Assignment: Copy word for word the lines in the records below, starting at the line with "Figure 9 gives" and ending at the line with "President Mahinda Rajapaksa". Skip the pictures.

Data shown:
◆ ◆ ◆ ◆ ◆
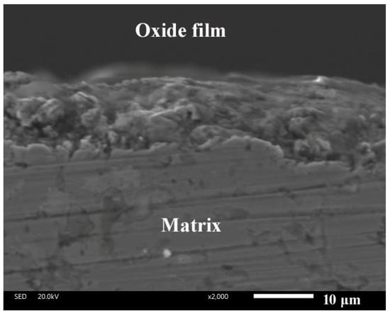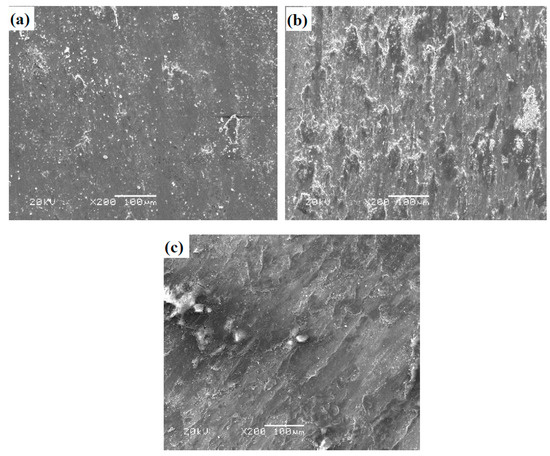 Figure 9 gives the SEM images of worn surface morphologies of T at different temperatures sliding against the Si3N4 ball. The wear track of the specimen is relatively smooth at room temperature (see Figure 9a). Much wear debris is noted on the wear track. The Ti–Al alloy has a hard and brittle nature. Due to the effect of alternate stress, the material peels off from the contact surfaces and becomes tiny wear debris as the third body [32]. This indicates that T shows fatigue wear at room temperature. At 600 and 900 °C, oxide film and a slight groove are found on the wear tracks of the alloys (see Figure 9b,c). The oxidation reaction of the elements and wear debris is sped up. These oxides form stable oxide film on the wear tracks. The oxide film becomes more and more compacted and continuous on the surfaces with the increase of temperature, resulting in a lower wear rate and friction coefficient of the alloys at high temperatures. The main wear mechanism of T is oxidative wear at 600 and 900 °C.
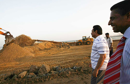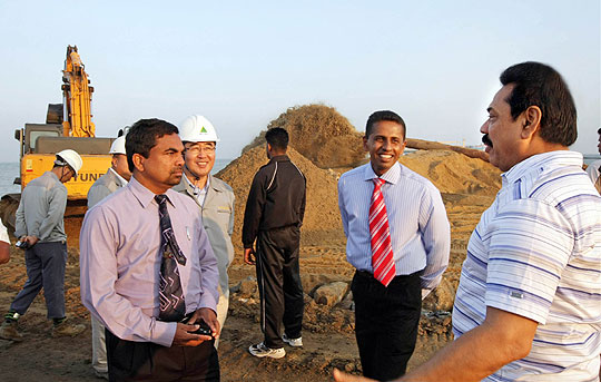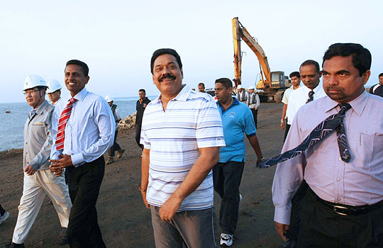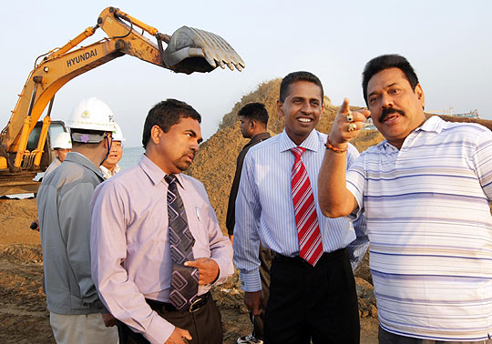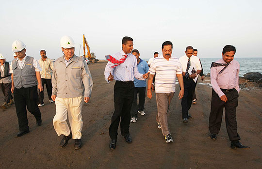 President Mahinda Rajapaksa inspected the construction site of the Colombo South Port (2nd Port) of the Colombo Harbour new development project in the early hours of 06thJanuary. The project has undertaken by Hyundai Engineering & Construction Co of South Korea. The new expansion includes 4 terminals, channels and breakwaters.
◆ ◆ ◆ ◆ ◆
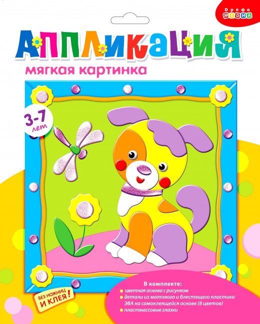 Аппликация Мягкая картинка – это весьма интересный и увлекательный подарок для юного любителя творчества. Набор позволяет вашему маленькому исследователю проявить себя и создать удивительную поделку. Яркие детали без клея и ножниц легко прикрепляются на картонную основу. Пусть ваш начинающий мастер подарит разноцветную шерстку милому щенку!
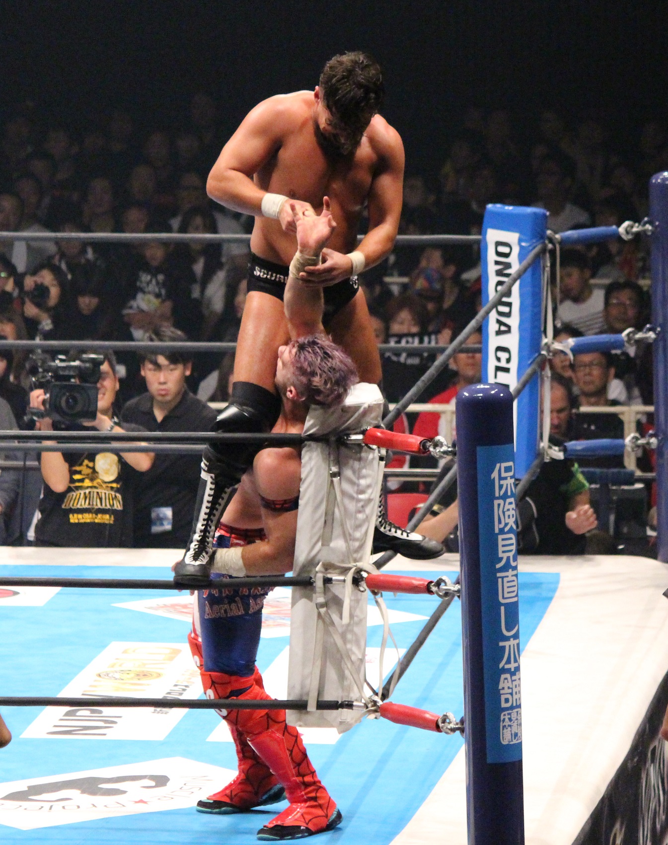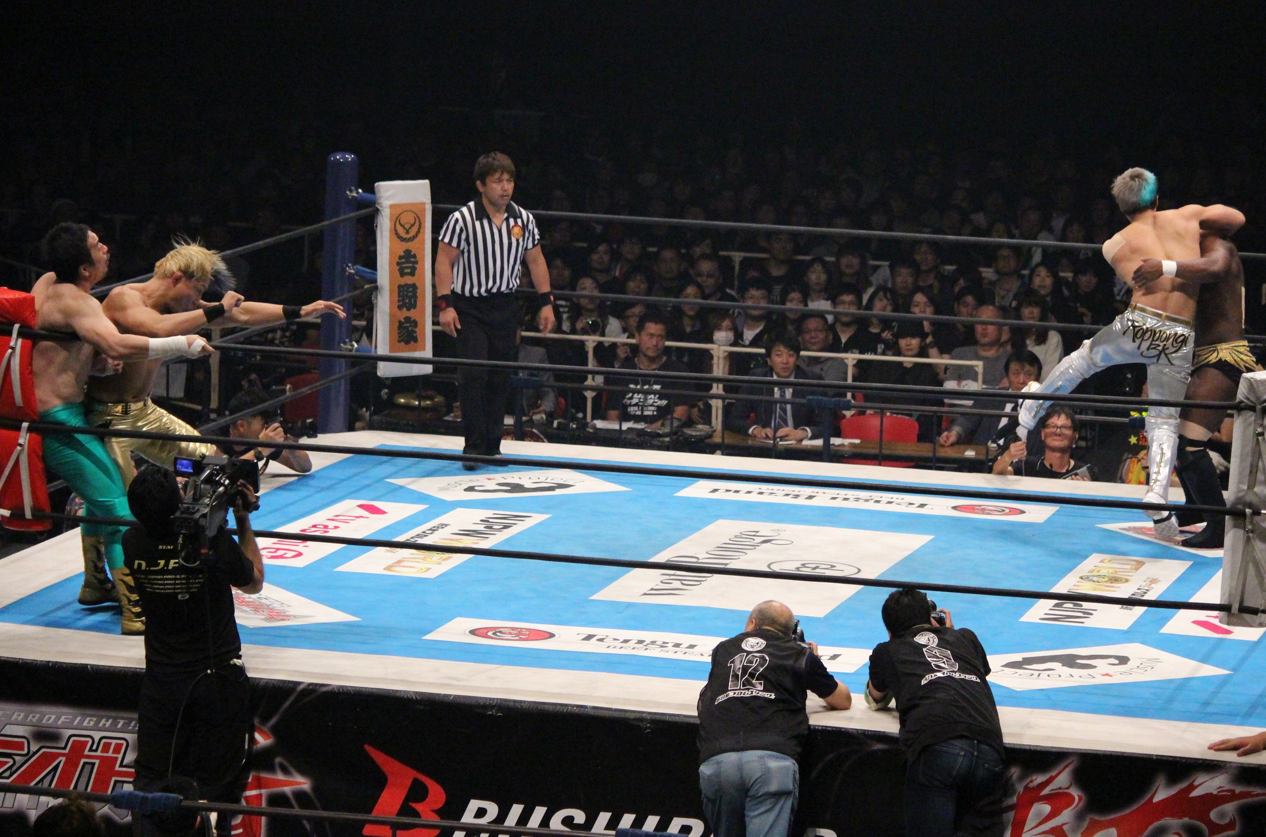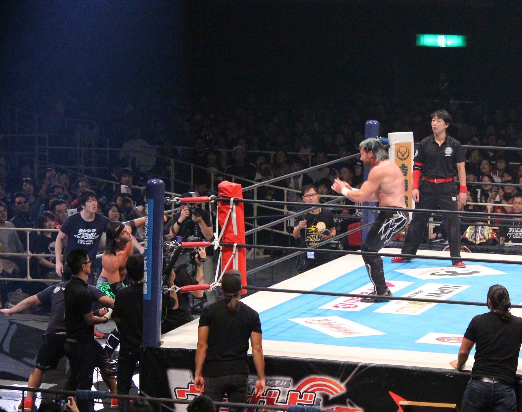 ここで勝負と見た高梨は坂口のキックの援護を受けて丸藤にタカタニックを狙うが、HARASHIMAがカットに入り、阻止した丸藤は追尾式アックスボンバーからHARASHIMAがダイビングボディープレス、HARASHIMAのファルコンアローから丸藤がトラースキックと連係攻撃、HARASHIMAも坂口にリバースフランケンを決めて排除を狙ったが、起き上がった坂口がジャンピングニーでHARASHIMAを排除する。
◆ ◆ ◆ ◆ ◆
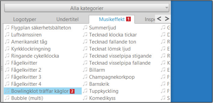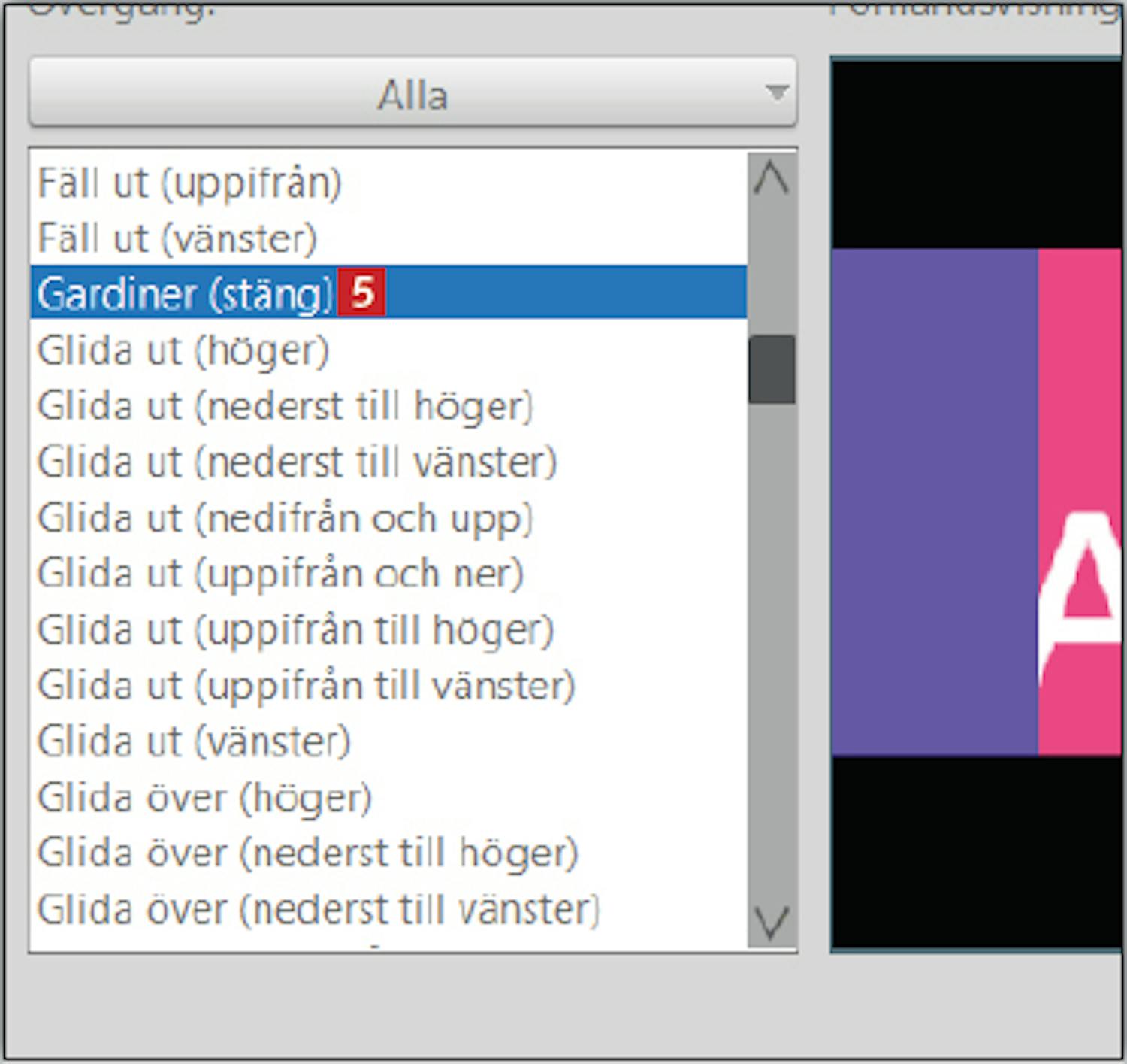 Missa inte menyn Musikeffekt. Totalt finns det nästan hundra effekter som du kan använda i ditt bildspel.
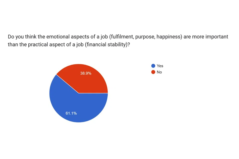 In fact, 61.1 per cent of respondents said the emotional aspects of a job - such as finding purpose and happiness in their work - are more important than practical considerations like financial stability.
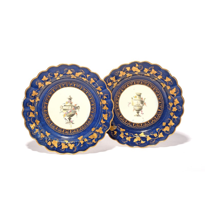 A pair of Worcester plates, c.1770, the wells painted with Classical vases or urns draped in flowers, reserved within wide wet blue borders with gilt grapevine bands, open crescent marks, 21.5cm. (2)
◆ ◆ ◆ ◆ ◆
Answer:
 Figure 9 gives the SEM images of worn surface morphologies of T at different temperatures sliding against the Si3N4 ball. The wear track of the specimen is relatively smooth at room temperature (see Figure 9a). Much wear debris is noted on the wear track. The Ti–Al alloy has a hard and brittle nature. Due to the effect of alternate stress, the material peels off from the contact surfaces and becomes tiny wear debris as the third body [32]. This indicates that T shows fatigue wear at room temperature. At 600 and 900 °C, oxide film and a slight groove are found on the wear tracks of the alloys (see Figure 9b,c). The oxidation reaction of the elements and wear debris is sped up. These oxides form stable oxide film on the wear tracks. The oxide film becomes more and more compacted and continuous on the surfaces with the increase of temperature, resulting in a lower wear rate and friction coefficient of the alloys at high temperatures. The main wear mechanism of T is oxidative wear at 600 and 900 °C.
 President Mahinda Rajapaksa inspected the construction site of the Colombo South Port (2nd Port) of the Colombo Harbour new development project in the early hours of 06thJanuary. The project has undertaken by Hyundai Engineering & Construction Co of South Korea. The new expansion includes 4 terminals, channels and breakwaters.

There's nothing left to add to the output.